Data records »
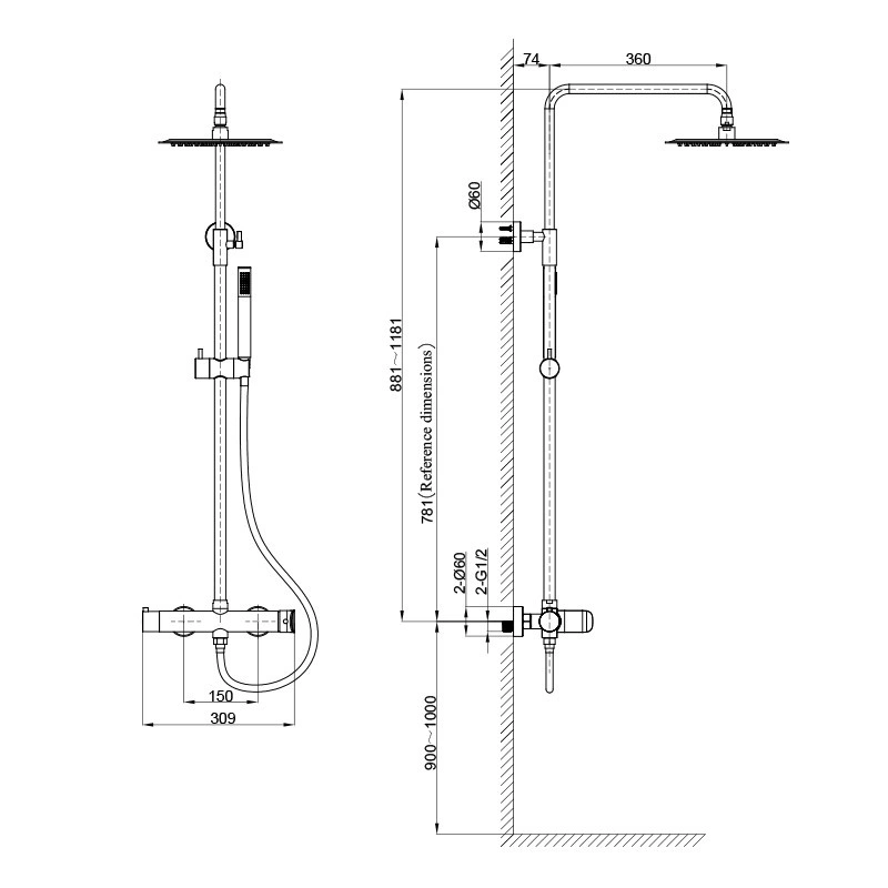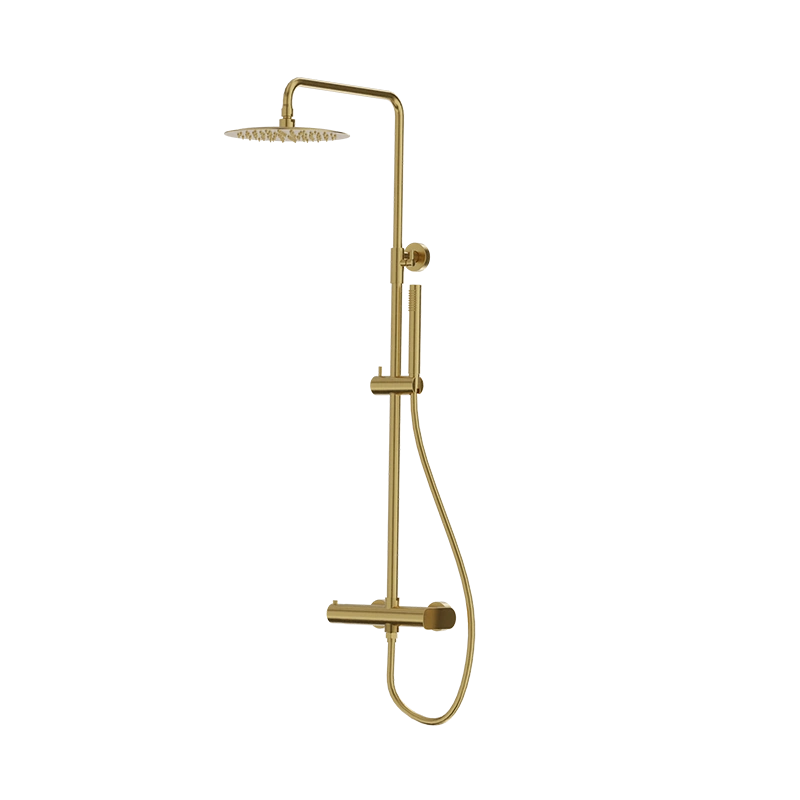 Kolor:Złoto szczotkowane:5:0, Materiał :Mosiądz:6:0, Rączka prysznicowa mosiężna:Tak:95:0, Wąż prysznicowy, długość (cm):150:96:1, Deszczownica z ramieniem, rozmiar, zasięg do ściany (mm):ŚR.250, 434:97:1, Regulowana wysokość, Min/Maks wysokość syste
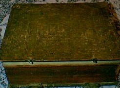 Leather Cover, latches bound to book by small metal nails and metal stems to hook the latches.
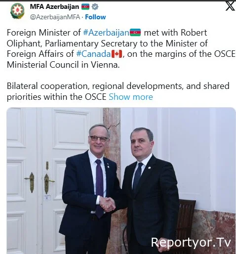 Azərbaycanın xarici işlər naziri Ceyhun Bayramov Vyanada ATƏT Nazirlər Şurasının 32-ci iclası çərçivəsində Kanada Xarici İşlər Nazirliyinin (XİN) parlament katibi Robert Olifantla görüşüb.
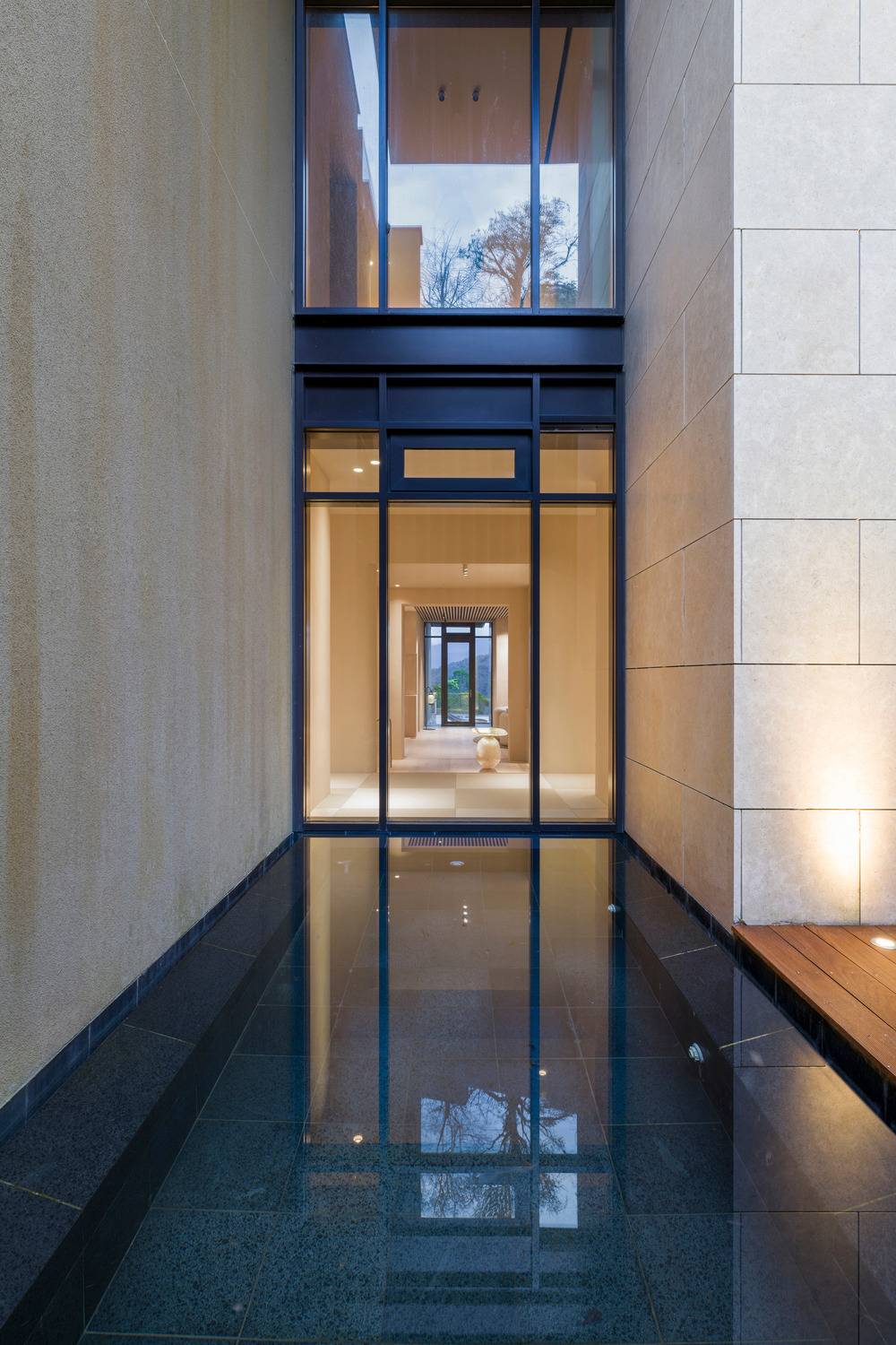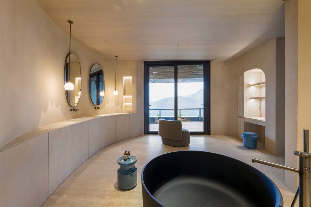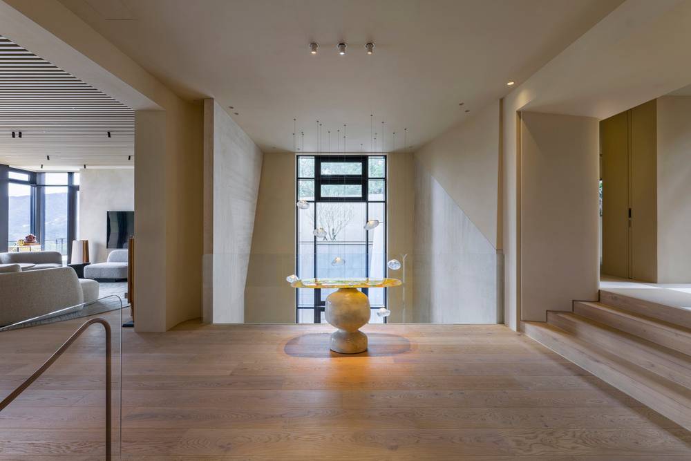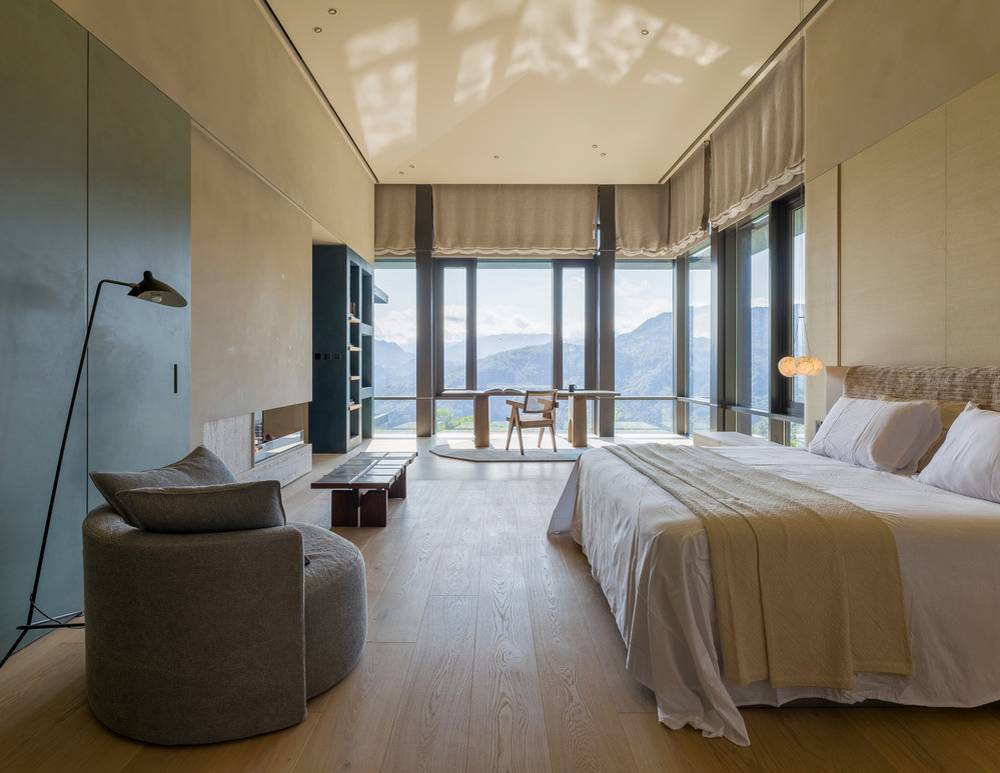 Vila v Tchaj-peji má interiér zařízený v souladu s okolní hornatou krajinou.
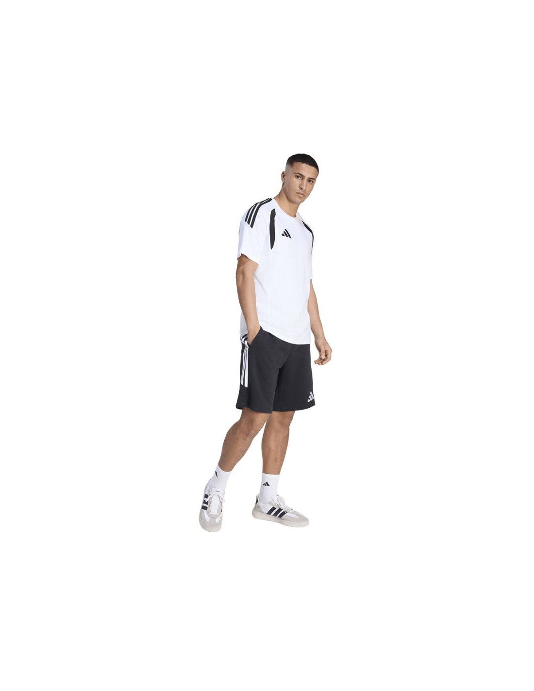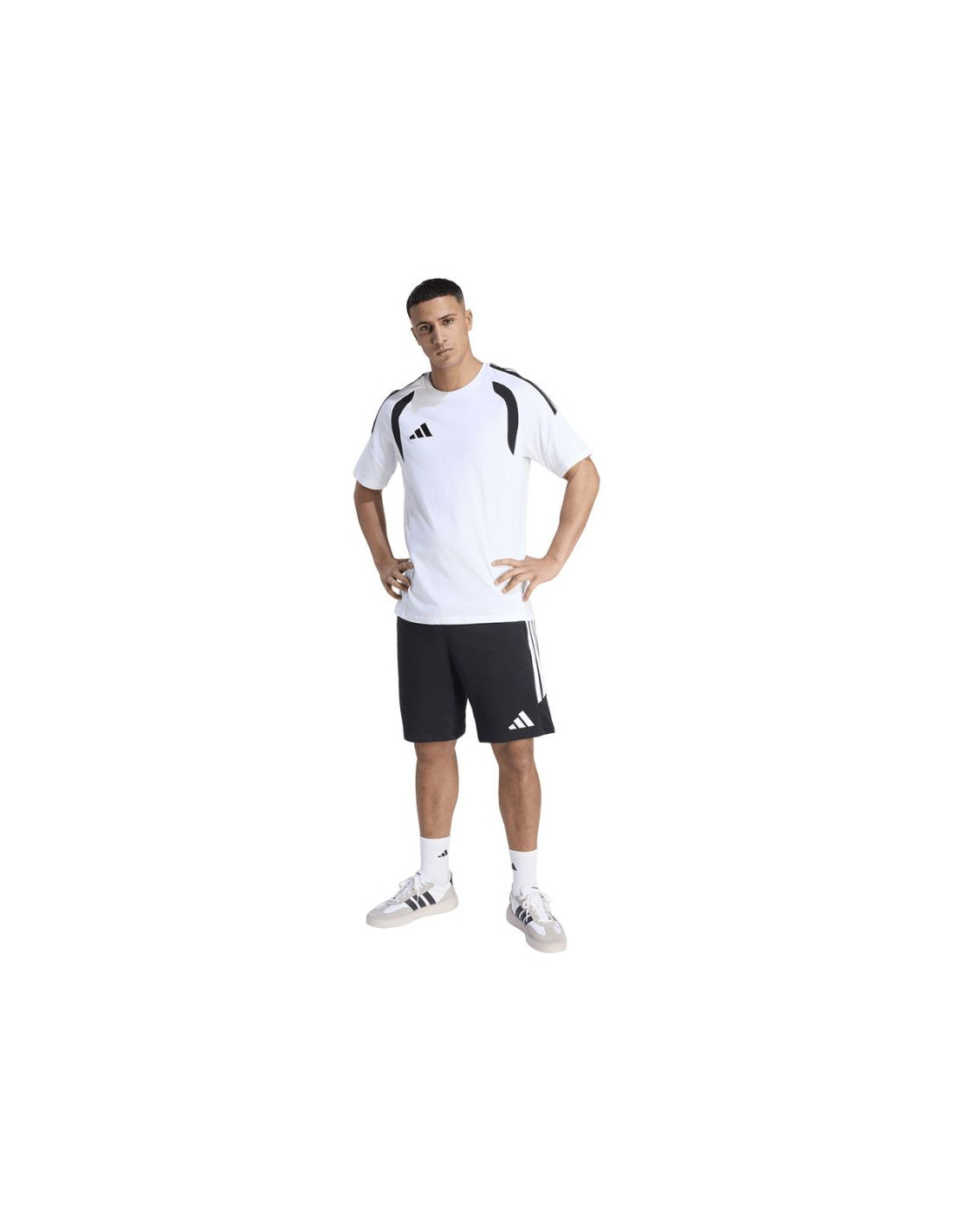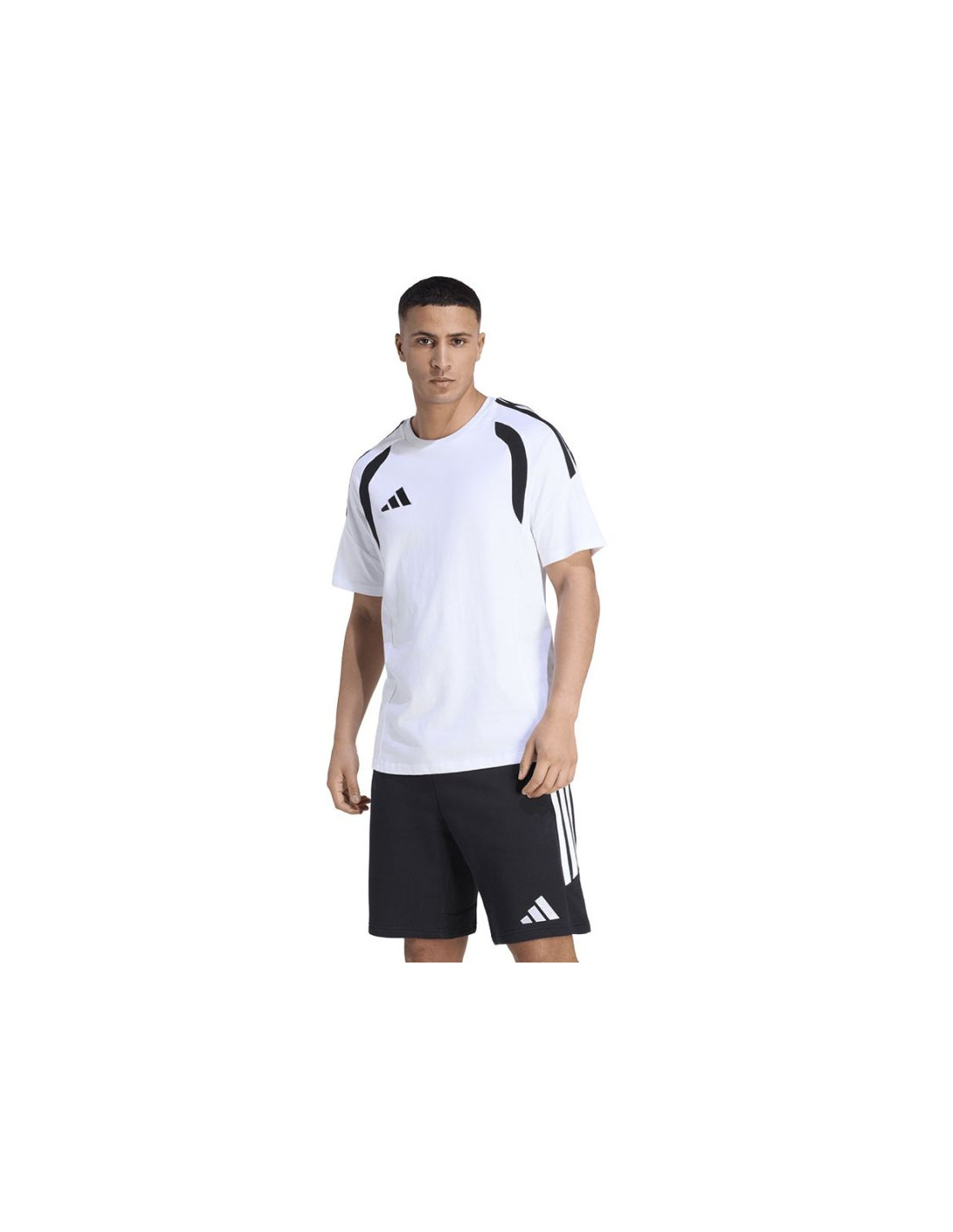 Koszulka męska adidas Tiro 26 League Tee biało-czarna KC3698 Koszulka męska adidas sprawdzi się podczas odpoczynku poza linią boiska. Model z linii Tiro jest inspirowany światem piłki nożnej. Haftowane logo adidas i 3 paski. Kontrastowe wstawki na klatce piersiowej. Miękki, bawełniany materiał. Regularny krój. Materiał: 100% bawełna

Exercise requirements » Every entry above is to be repeated word for word, with all pictures omitted.

Task answer »
 Kolor:Złoto szczotkowane:5:0, Materiał :Mosiądz:6:0, Rączka prysznicowa mosiężna:Tak:95:0, Wąż prysznicowy, długość (cm):150:96:1, Deszczownica z ramieniem, rozmiar, zasięg do ściany (mm):ŚR.250, 434:97:1, Regulowana wysokość, Min/Maks wysokość syste
 Leather Cover, latches bound to book by small metal nails and metal stems to hook the latches.
 Azərbaycanın xarici işlər naziri Ceyhun Bayramov Vyanada ATƏT Nazirlər Şurasının 32-ci iclası çərçivəsində Kanada Xarici İşlər Nazirliyinin (XİN) parlament katibi Robert Olifantla görüşüb.
 Vila v Tchaj-peji má interiér zařízený v souladu s okolní hornatou krajinou.
 Koszulka męska adidas Tiro 26 League Tee biało-czarna KC3698 Koszulka męska adidas sprawdzi się podczas odpoczynku poza linią boiska. Model z linii Tiro jest inspirowany światem piłki nożnej. Haftowane logo adidas i 3 paski. Kontrastowe wstawki na klatce piersiowej. Miękki, bawełniany materiał. Regularny krój. Materiał: 100% bawełna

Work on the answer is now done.